Good news, you do not have to do that. This n8n workflow takes a Screaming Frog crawl, filters the good stuff, formats everything nicely, and spits out a clean llms.txt file that LLMs will love. No manual sorting, no spreadsheet rage, just automation doing what automation does best.
In this guide, you will see what an llms.txt file is, how Screaming Frog and n8n work together, how the workflow is built, and how to customize it for your own site. Same technical details as the original tutorial, just with fewer yawns and more clarity.
First things first: what is an llms.txt file?

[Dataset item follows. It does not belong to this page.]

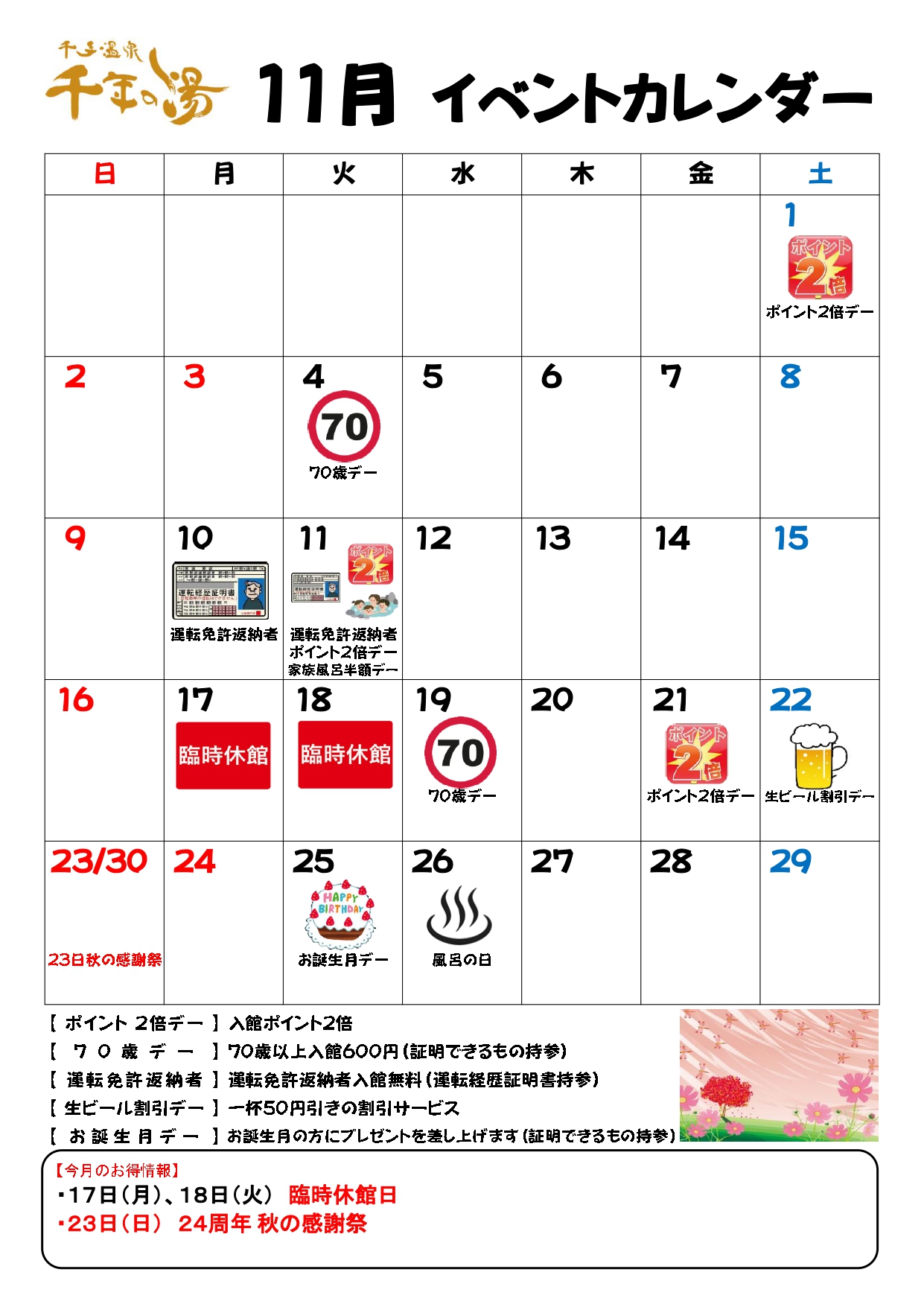 【11月イベントカレンダー】 2025年11月04日 お知らせ 【臨時休館のお知らせ】 11月17日(月)18日(火) の2日間、定期メンテナンスの為、臨時休館とさせて頂きます ご不便をお掛け致しますが、ご理解とご協力をお願い致します なお、19日(水)より通常営業となります。 【秋の感謝祭のお知らせ】 11月23日(日) 千年の湯にて24周年秋の感謝祭を開催致します 今年も屋外、屋内でのイベントやキッチンカーなど、さまざまな企画やお得が盛りだくさんです ぜひお楽しみに たくさんの皆様のご来館をスタッフ一同お待ちしております

An llms.txt file is a simple text index that tells large language models which pages on your site are worth their attention. Think of it as a curated reading list for your website.

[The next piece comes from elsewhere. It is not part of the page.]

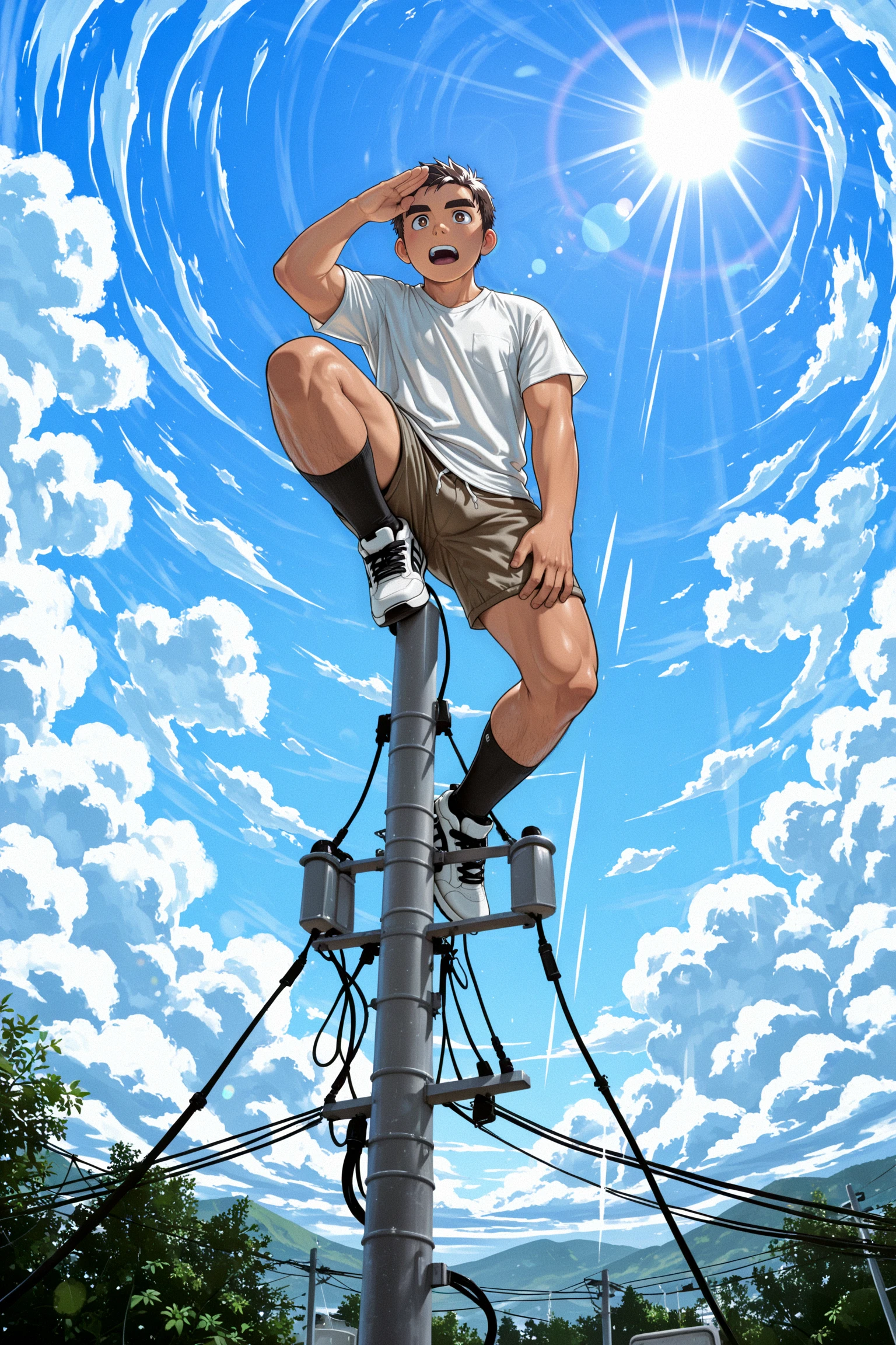 on top of poleUse tags such as utility pole, lamppost, onbashira etc. to influence the object the character is standing on.

Each line usually contains:
- A title
- A URL
- An optional short description
By feeding an llms.txt file into your content discovery or ingestion pipeline, you:
- Help LLMs find your best pages faster
- Improve the quality of content used for training or querying
- Make prompts and results more relevant, especially for large sites
In other words, it is a tiny file with a big impact on LLM performance and content selection.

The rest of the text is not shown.